53 Views Asked by At

Suppose you have $N$ balls in $C$ different colors, and a "desired" distribution of those $C$ colors (eg 20% red, 80% blue). Your task is to build a sample (not really a random sample per se) of $S$ balls, with colors distributed "as close as possible" to the desired distribution.

Bear in mind it is likely not possible to draw the desired distribution exactly, since there will be too few balls available of a particular color, and hence some other colors will need to be over-sampled to achieve the desired sample size ... but which should get over sampled and by how much? And what is a constructive process for creating the sample?

I assume the answer would depend on how you measure "as close as possible", but any reasonable definition will suit me, I'm mostly interested in a constructive algorithm for the process.

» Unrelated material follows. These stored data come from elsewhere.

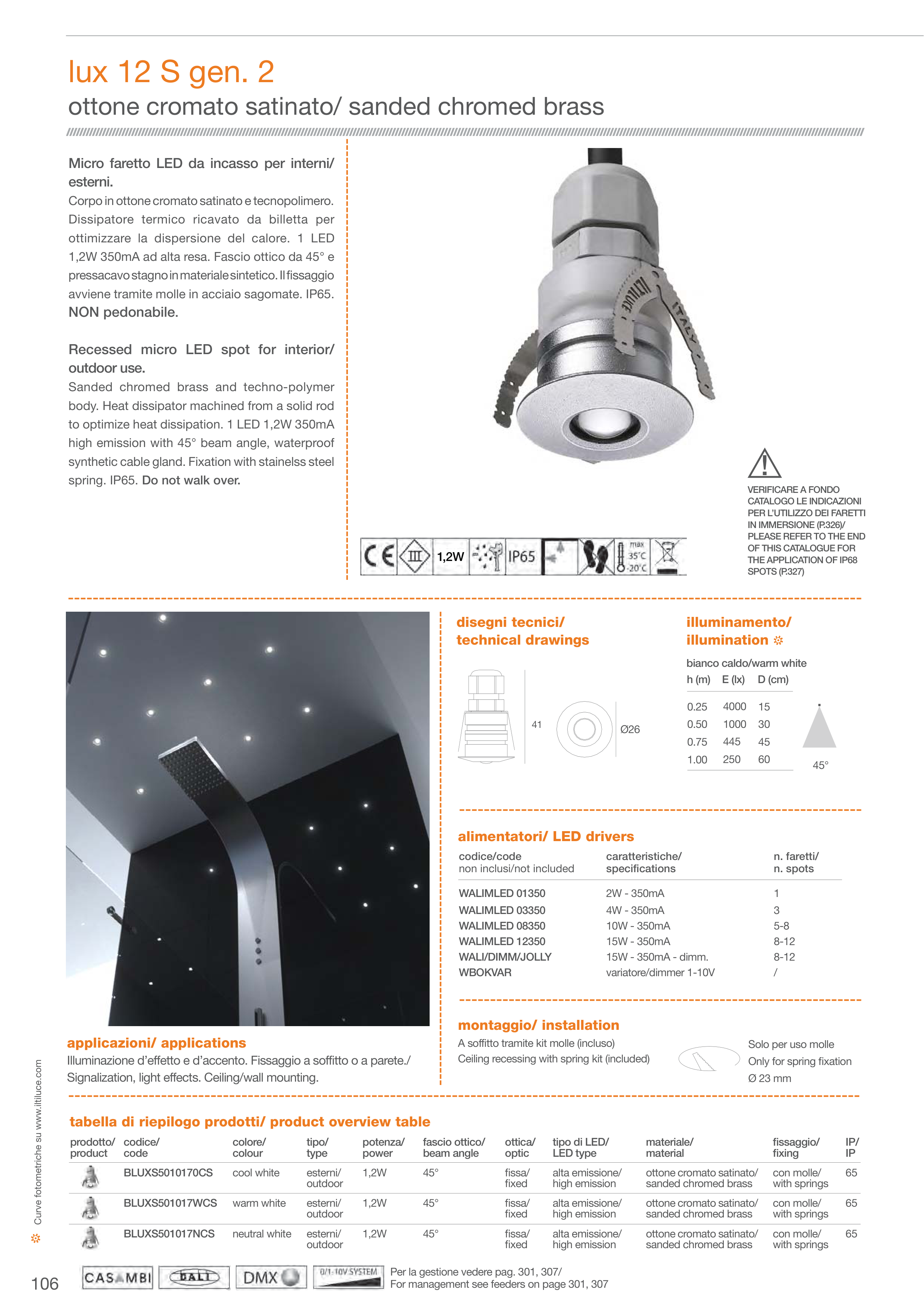 Illuminazione d’effetto e d’accento. Fissaggio a soffitto o a parete./
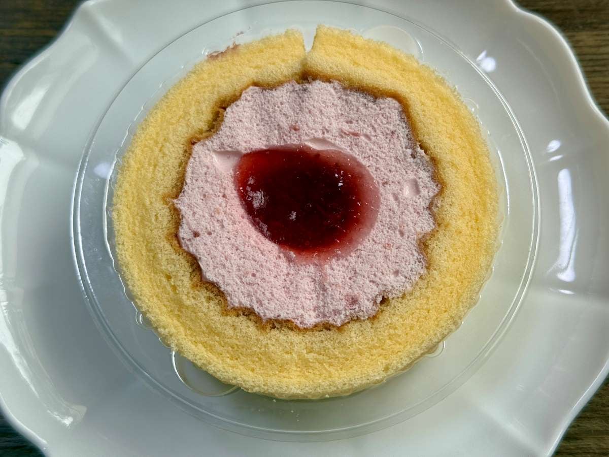 見た目はプレミアムロールケーキの苺バージョンですね!早速開封したら、苺の甘酸っぱい香りがふわっと漂いました。
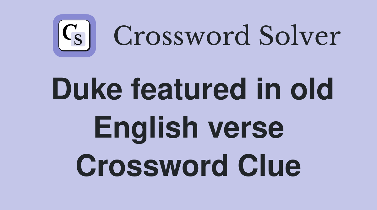 Duke featured in old English verse Crossword Clue Answers Crossword

I understand I basically just need to determine a feasible distribution that is "as close as possible" to my desired (but possibly infeasible) distribution. My best guess is to choose one ball at a time, each time picking an available color that yields a posterior distribution of colors that is least-different from the desired distribution. This is at best inefficient and I'm not 100% sure it gives me an optimal solution anyway.

Sorry if this is a common statistical exercise, I did try to find this problem in the literature but knew not the proper vocabulary to facilitate my search.

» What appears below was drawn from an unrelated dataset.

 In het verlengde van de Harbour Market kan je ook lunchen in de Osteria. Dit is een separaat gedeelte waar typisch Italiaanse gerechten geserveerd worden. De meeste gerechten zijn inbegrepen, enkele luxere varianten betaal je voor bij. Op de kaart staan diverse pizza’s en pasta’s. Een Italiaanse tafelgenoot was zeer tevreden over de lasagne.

I should mention that I consider this sampling, because I am asked to generate this sample for a tax audit, where "balls" are invoices, and "colors" are invoice types. The sample should be random, but end up with the specified percentage of each type where possible, and "as close as possible" where not possible.

1

There are 1 best solutions below

2
On BEST ANSWER

You can adapt the Sainte-Laguë proportional representation method to your problem.

Suppose you start with $n_i$ balls of colour $i$ so $\sum_i n_i=N$ and your target proportions are $p_i$ with $\sum_i p_i=1$.

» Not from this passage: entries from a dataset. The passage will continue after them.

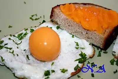 Хуже яичницы с разбитым желтком нет ничего. Это провал. Идеально если желток жидкий, но белок при этом на нём не сопливый. Минуту-две под стеклянной крышкой подержать и как только на склоне желтка начинает белеть, сразу снимаем.
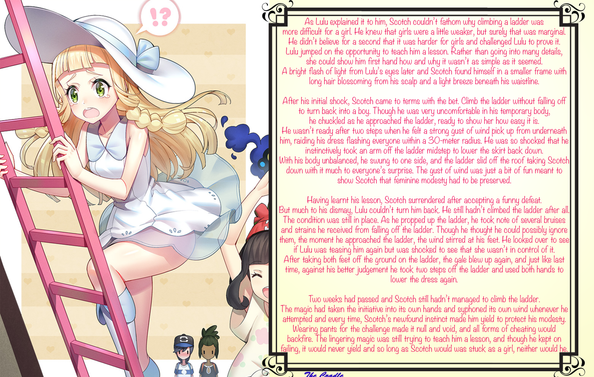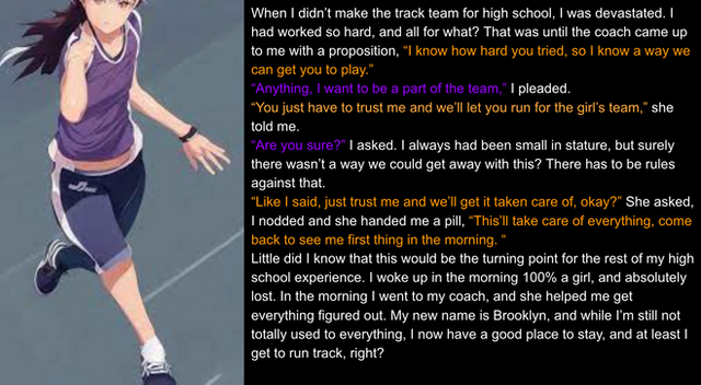 Catching a glimpse of himself in the gym mirror wall, Larry could see he was more curvy, his hair had gotten longer, and he had grown breasts. He did not have time to look at himself for long. His instructor asked him to do more and more difficult routines.
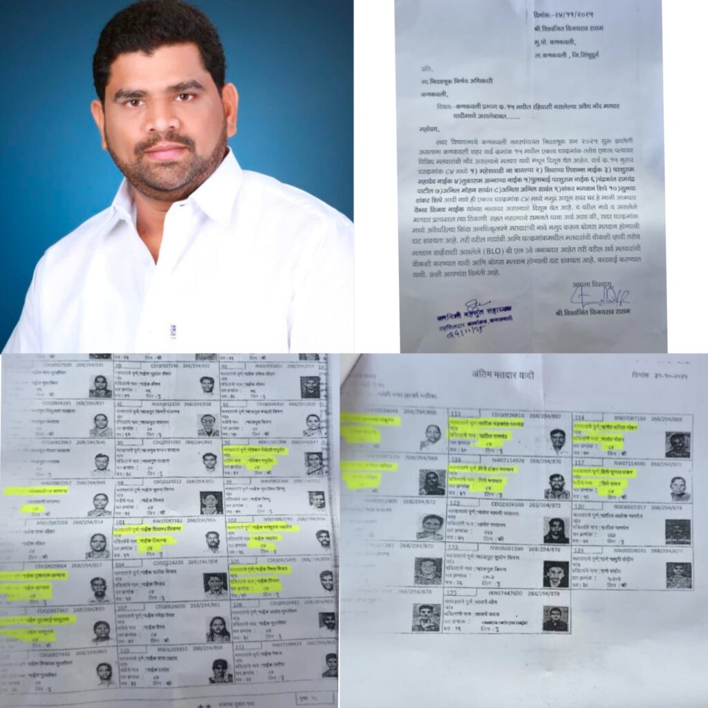 कणकवली: उबाठा चे माजी आमदार वैभव नाईक यांच्या कणकवली येथील निवासस्थानी राहत असल्याचे भासून दहा बोगस मतदारांची नाव नोंदणी करण्यात आली आहे. या मतदारांवर प्रभाग क्रमांक 15 मधील भाजपचे उमेदवार विश्वजीत विजयराव रासम यांनी हरकत नोंदवली आहे. माजी आमदार रहात असलेल्या घर क्रमांक 84 मध्ये या दहा मतदारांची नावे नोंदवलेली आहेत प्रत्यक्षातही काही लोक या ठिकाणी राहत नाही याचा अर्थ हे सर्व मतदार बोगस असल्याचा आरोप भाजपच्या उमेदवाराने केला आहे.

For each $i$, calculate the quotients $\dfrac{p_i}{1}, \dfrac{p_i}{3}, \dfrac{p_i}{5}, \ldots ,\dfrac{p_i}{\min(2n_i-1,2S-1)}$.

Take the $S$ largest quotients from all those you have calculated (if there is equality at the end, then make an arbitrary choice such as those with the larger $p_i$) and count how many quotients came from each $i$, calling this count $s_i$, so $\sum_i s_i=S$. This $s_i$ gives your sample size for each $i$.

It has the property of minimising a kind of chi-square statistic: $\sum_i\dfrac{\left(p_i-\frac{s_i}{S}\right)^2}{p_i}$ within the constraints of the question.